Pemerintah memang mendorong pemasangan PLTS Atap di masyarakat dengan merilis dua peraturan menteri (permen). Adapun dua regulasi tersebut yakni Permen ESDM Nomor 12 tahun 2019 tentang Kapasitas Pembangkit Tenaga Listrik Untuk Kepentingan Sendiri Yang Dilaksanakan Berdasarkan Izin Operasi dan Permen ESDM 13 Tahun 2019 tentang Penggunaan Sistem Pembangkit Listrik Tenaga Surya Atap Oleh Konsumen PT Perusahaan Listrik Negara (Persero).
Adapun Permen ESDM Nomor 13 tahun 2019 merevisi Permen ESDM Nomor 49 Tahun 2018. Sementara itu, Permen ESDM Nomor 12 tahun 2019 untuk mencabut Permen ESDM Nomor 29 Tahun 2012.

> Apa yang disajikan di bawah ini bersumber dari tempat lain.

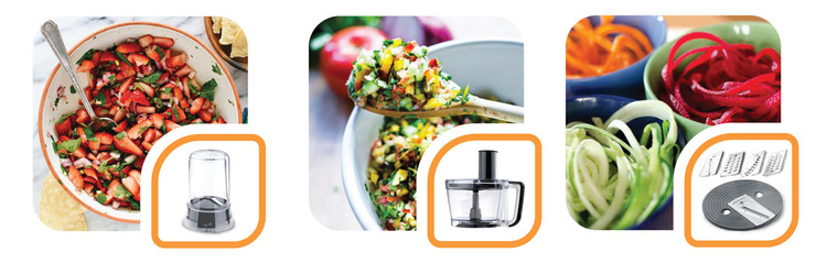 مخلوط کن، تیغهی خردکن وخمیرزن ، آب مرکبات گیری، صفحات رنده ریزر و درشت و چیپسی نازک و ضخیم و خلالی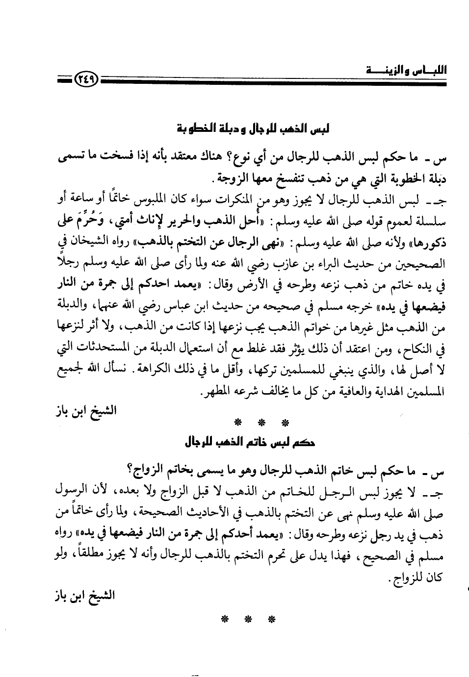 ج- لبس الذهب للرجال لا يجوز وهو من المنكرات سواء كان الملبوس خاتماً أو ساعة أو سلسلة لعموم قوله، - صلى الله عليه وسلم -، {أحل الذهب والحرير لإناث أمتي، وحرم على ذكورها} ولانه صلى الله عليه وسلم {نهى الرجال عن التختم بالذهب} رواه الشيخان في من حديث البراء بن عازب رضي الله عنه ولما رأى صلى الله عليه وسلم رجلاً في يده خاتم من ذهب نزعه وطرحه في الأرض وقال {يعمد أحدكم إلى جمرة من النار فيضعها في يده} خرجه مسلم في صحيحه من حديث ابن عباس رضي الله عنهما، والدبلة من الذهب مثل غيرها من خواتم الذهب يجب نزعها إذا كانت من الذهب، ولا أثر لنزعها في النكاح، ومن اعتقد أن ذلك يؤثر فقد غلط مع أن استعمال الدبلة من المستحدثات التي لا أصل لها، والذي ينبغي للمسلمين تركها، وأقل ما في ذلك الكراهة. نسأل الله لجميع المسلمين الهداية والعافية من كل ما يخالف شرعه المطهر.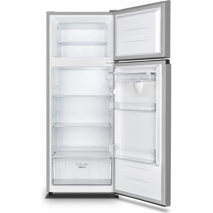 Double door refrigerator Heinner HF-HS205SWDE++, energy efficiency class: E, water dispenser, total capacity: 206L, fridge capacity: 165L, freezer capacity: 41L, mechanical control with adjustable thermotstat, LED light, 2 fridge glass shelves, 1 compartment for fruits and vegetables, reversible doors, egg tray, ice cube tray, freezing capacity: 2Kg/24h, dimensions (WxDxH): 55 x 54.2 × 143.4 cm, color: Silver with stylish black handle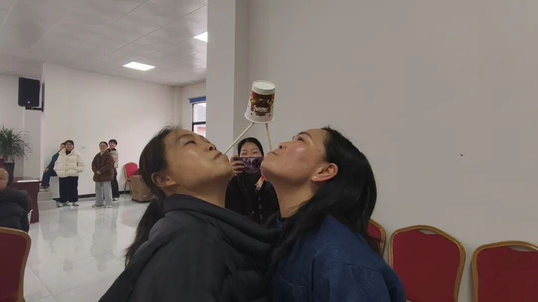 本次活动设置了“蒙眼取水”和“纸杯传送”两项趣味小游戏。在“蒙眼取水”环节,参赛者蒙眼原地转5圈后,需在1分钟内摸索前行取到矿泉水,过程既考验平衡感又充满乐趣;“纸杯传送”游戏则要求每组4人用嘴咬住筷子传递杯子,充分体现了团队协作与默契。活动现场,工作人员各司其职,确保游戏有序进行,参与者们热情高涨,尽情享受节日的轻松与快乐。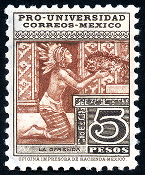 Para más información favor de dirigirse a biblioteca@mufi.org.mx No. Scott: 705 -- Año de Emisión: 1934 -- Valor facial: Cinco Pesos -- Variedad de color: Café, Rojo Oscuro -- Perforación: 10 1/2 -- Tipo de impresión: Grabado Timbre Postal Mexicano en colores café, rojizo y negro, en el se observa a una persona indígena incada del sexo femenino, semi desnuda, solo con una falda en forma de enredo, en la cabeza lleva un penacho con plumas y en las manos una ofrenda floral, en la parte superipor está escrito "PRO-UNIVERSIDAD", "CORREOS MÉXICO" y en la parte inferior el valor facial de "5 PESOS".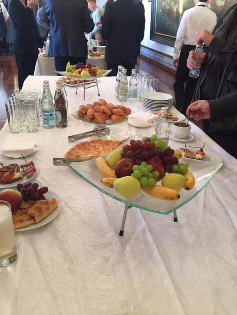 «А вот это уже реально новинка. По случаю инаугурации не только пирожки и бутерброды», — пишет в Facebook (деятельность запрещена в РФ) корреспондент «Дождя» Михаил Рубин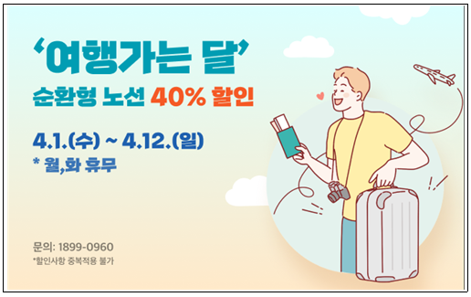 할인 기간 동안 순환형 노선 이용권을 정상가 대비 40% 할인된 가격으로 구매할 수 있다. 다만 월요일과 화요일은 정기 휴무로 운행하지 않으며, 다른 할인 혜택과 중복 적용은 불가능하다.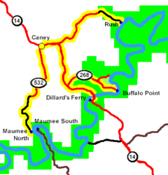 - Buffalo Point and Beyond, Approximately 38 miles, some gravel roads, Route: Caney (10 miles south of Yellville) to Maumee, to Rush, to Buffalo Point, and to Dillard's Ferry. From Caney to Maumee, many open pastures can be seen. The North Arkansas Mining Company developed the area known as Maumee in the late 1890s for the purpose of mining zinc ore. The company’s land surveyor named the area for the Maumee River in Ohio near which he was raised. The peak mining activity was during World War I. Now this area is a popular put-in point for canoeists. The crushing mill foundations and the entrance to the Maumee Mine can be seen along the road to the canoe launch, just outside of the park boundary. When zinc ore was discovered on Rush Creek in the 1880s, a community developed to support the influx of workers. By the 1890s, the mining boom was well established and miners and investors arrived from all over the country. It was written that so many people came that local farmers could not keep the town supplied in fresh meat and eggs. Some fifteen mines operated in the Rush District. The most famous mine at Rush was the Morning Star Mine. A quarter mile trail loops through the remains of the Morning Star area. Structures along the loop include the smelter, blacksmith shop, mill and other foundations. A longer trail (approximately 3 miles one way) rises above the valley floor crossing steep, rocky terrain and past mine ruins. Mines are very unstable and entry is prohibited. Trail guides are available at the Buffalo Point Ranger Station. The area known as Buffalo Point was developed through cooperation among the National Park Service, the Civilian Conservation Corps and the Arkansas State Parks Commission, and was established as Buffalo River State Park in 1938. All of the Civilian Conservation Corps structures are listed on the National Register of Historic Places. Several hiking trails ranging in length from a quarter mile to three and a half miles lead hikers to a scenic vista, caves, a waterfall, and other interesting features. Interpretive programs are given regularly in the summer. Schedules and trail guides are available at the Ranger Station. Doc Dillard built the original ferry (named Dillard’s Ferry) with his sons Ira and Pate and W. Davenport in the early 1900s. The old ferry crossing is just a few meters downstream from the present bridge and was in operation until the bridge was completed in 1959. In December 1982 a flood covered the bridge. The river was about 65 feet (19.8 meters) above normal water level, making this the biggest flood in the river’s recorded history.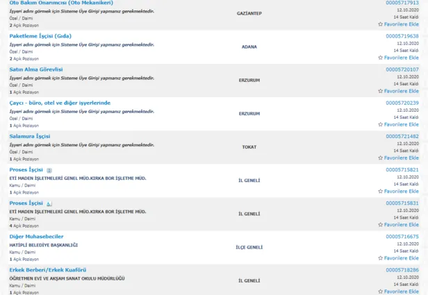 KPSS şartsız işçi alımları başvuru şartları - 13 Ekim İŞKUR üzerinden en az ilkokul mezunu farklı kurumlara işçi alınacak!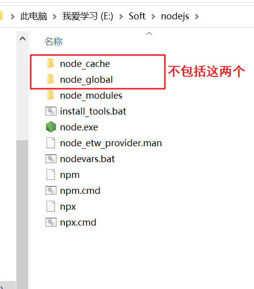 1.为了减轻C盘负担,全模块所在路径和缓存路径放在node.js安装的文件夹中,创建两个文件夹【node_global】及【node_cache】如上图所示: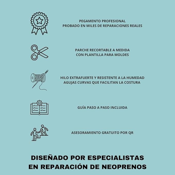 GRATIS HANDLEIDING EN ADVIES: Inclusief boekje met essentiële stappen voor het repareren van neopreen en een QR-code voor toegang tot een gedetailleerde handleiding en professionele ondersteuning van Reparacion de Neoprenos.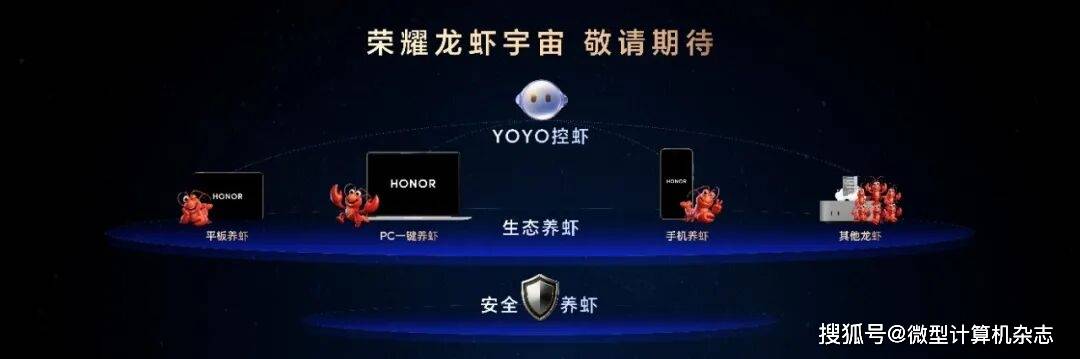 发布会上,还公布了生态级的荣耀龙虾宇宙,支持PC一键养虾、平板养虾,未来还能兼容其他生态设备的龙虾接入。用户可以通过YOYO在荣耀手机上直接和小龙虾交互,并安全地开放手机智能体供小龙虾调用,实现生态养虾、安全养虾和YOYO控虾三大能力。这些功能将于近期陆续开放内测。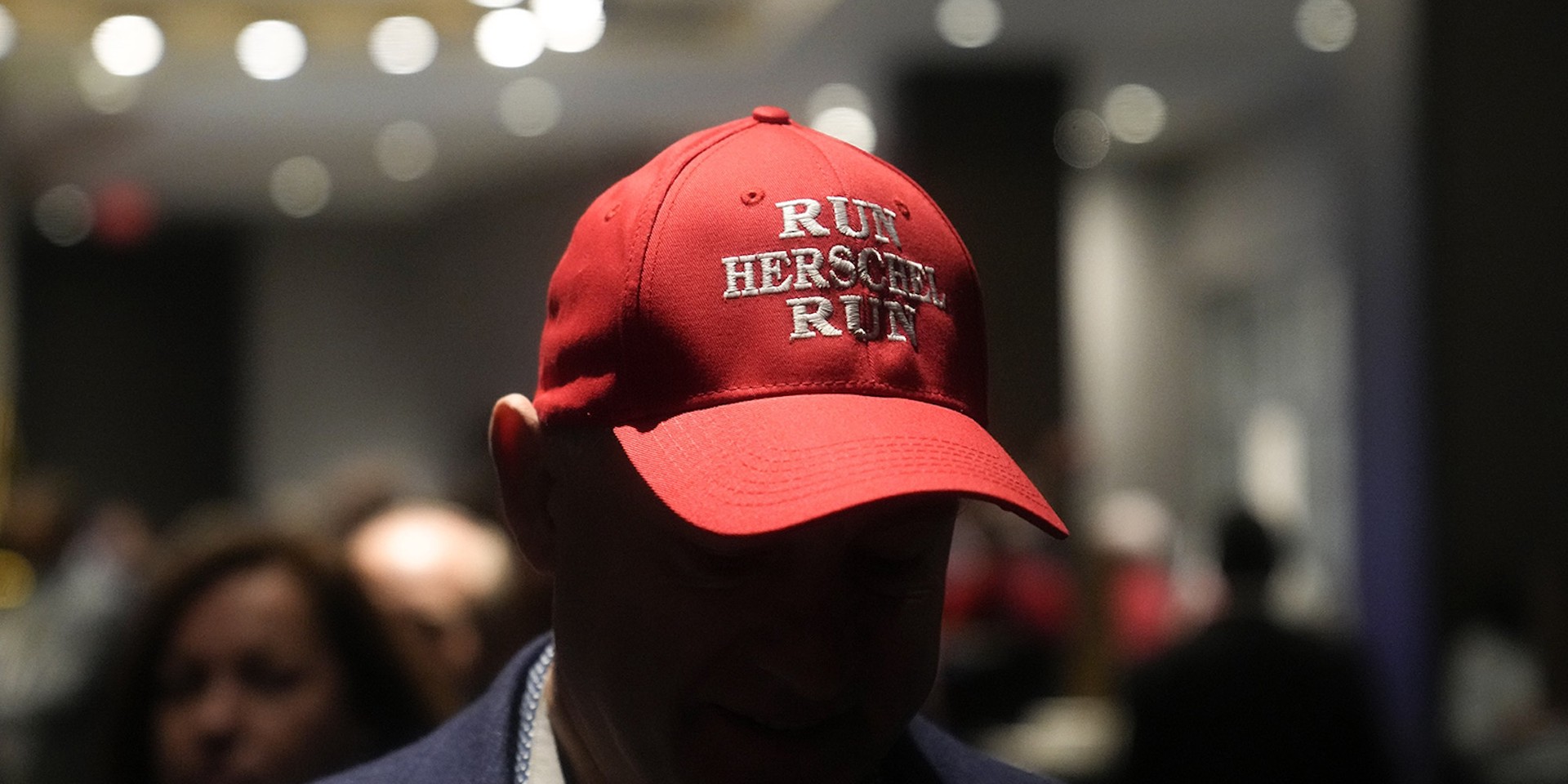 A man wears a Herschel Walker hat during an election night watch party, in Smyrna, Ga., on Nov. 8, 2022. (photo: Brynn Anderson/AP)

Dalam Permen ESDM Nomor 13 Tahun 2019 menyatakan konsumen PLN dengan pemasangan PLTS Atap wajib memiliki izin operasi dan standar layak operasi (SLO). Regulasi tersebut hanya mengatur secara general pemasangan PLTS atap.
Lebih perinci, regulasi mengenai izin operasi dan SLO kemudian diatur dalam Permen ESDM Nomor 12 Tahun 2019. Sebelumnya pada Permen ESDM Nomor 49 Tahun 2018, izin operasi diwajibkan pada kapasitas lebih dari 200 kVa sedangkan dengan Permen ESDM 12/2019, diwajibkan pada kapasitas lebih dari 500 kVa.
Apabila sebelumnya hanya pelanggan dengan daya sampai dengan 25 kW dinyatakan bagian dari SLO Instalasi TR. Saat ini dengan permen baru, pemasangan sampai dengan 500 kVa dalam satu sistem instalasi tenaga listrik dinyatakan telah memenuhi ketentuan wajib SLO.
Selain itu, pemasangan pemasangan pembangkit listrik tenaga surya (PLTS) Atap untuk keperluan industri kini hanya dikenai biaya kapasitas lima jam dari sebelumnya 40 jam. Biaya kapasitas merupakan kompensasi atas cadangan daya yang disediakan PLN jika sewaktu-waktu produksi listrik yang dihasilkan PLTS Atap tidak maksimal.
Perubahan penentuan biaya kapasitas tersebut tertuang dalam Peraturan Menteri (Permen) ESDM Nomor 16 Tahun 2019 tentang Penggunaan Sistem Pembangkit Listrik Tenaga Surya Atap Oleh Konsumen PT Perusahaan Listrik Negara (Persero). Beleid tersebut merupakan perubahan kedua atas Permen Nomor 49 Tahun 2018.